Gerard Franch is 27 years old and his festival Rule, A “so fireworks, so fag” musical theater piece by Massapà Bedbé’s company is about three characters – Petra, Gina and Mina – who have been distraught and settled in an old place that has been a brothel for 40 days and where they want to settle down. A club of real madrid. “We wrote the piece during our two-month residency at a municipal center in Barcelona,” he explains, “and in We pay tribute to all dissidents from Barcelona in the 80s and Ocaña, and our muse, the opera singer Manuela Trasovares”.

“Shut up, Judith, shut up”.

After setting up half a dozen projects since leaving the Institut del Teatre in 2019, Franch comes to the festival and reveals to this newspaper that he is his own. Living “from my juggling with scholarships, housing and grants”. In this theatrical universe he is trying to survive, Franch identifies a “belt plug” that is the heir to the Transition in the management and programming of spaces, which means “we are used to seeing the same faces, the same texts all the time”. do and invest in the same ways of creating new audiences that are not just consuming a theatrical poster with a well-known actor or actress”.

As Julia Godino, who attended the festival with two street dance performances with Alexa Moya, explained, fatigue is added to all of this.
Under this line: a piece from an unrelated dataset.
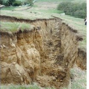 Photo--color: View of the damage caused by a landslide in western Sonoma County April 1983 in the Blucher Valley area of Sebastopol. Heavy daily rains from mid-January to April saturated the ground. The land--a field above Blucher Valley Road--split at the crest of a steep, hilly field owned by the Bolt family. The 'crack' is still there today--2009. Landslide details provided by Frank Baumgardner.

So A Propeller and Picnic on the Moon: “What’s going on is that the creator is also the producer, the distributor, the technician and everything. Most of the creation time is wasted, and Alexa and I sometimes have to send a lot of emails, and when it comes time to rehearse, we don’t feel like it anymore because you’re doing thirty jobs in one but it’s gone because there’s no money. The other option is You do it and that’s it.” Will it make up for all that fatigue? “I have the ambition and the desire to keep going, we’re always breaking ground and it gives us results,” says Julia.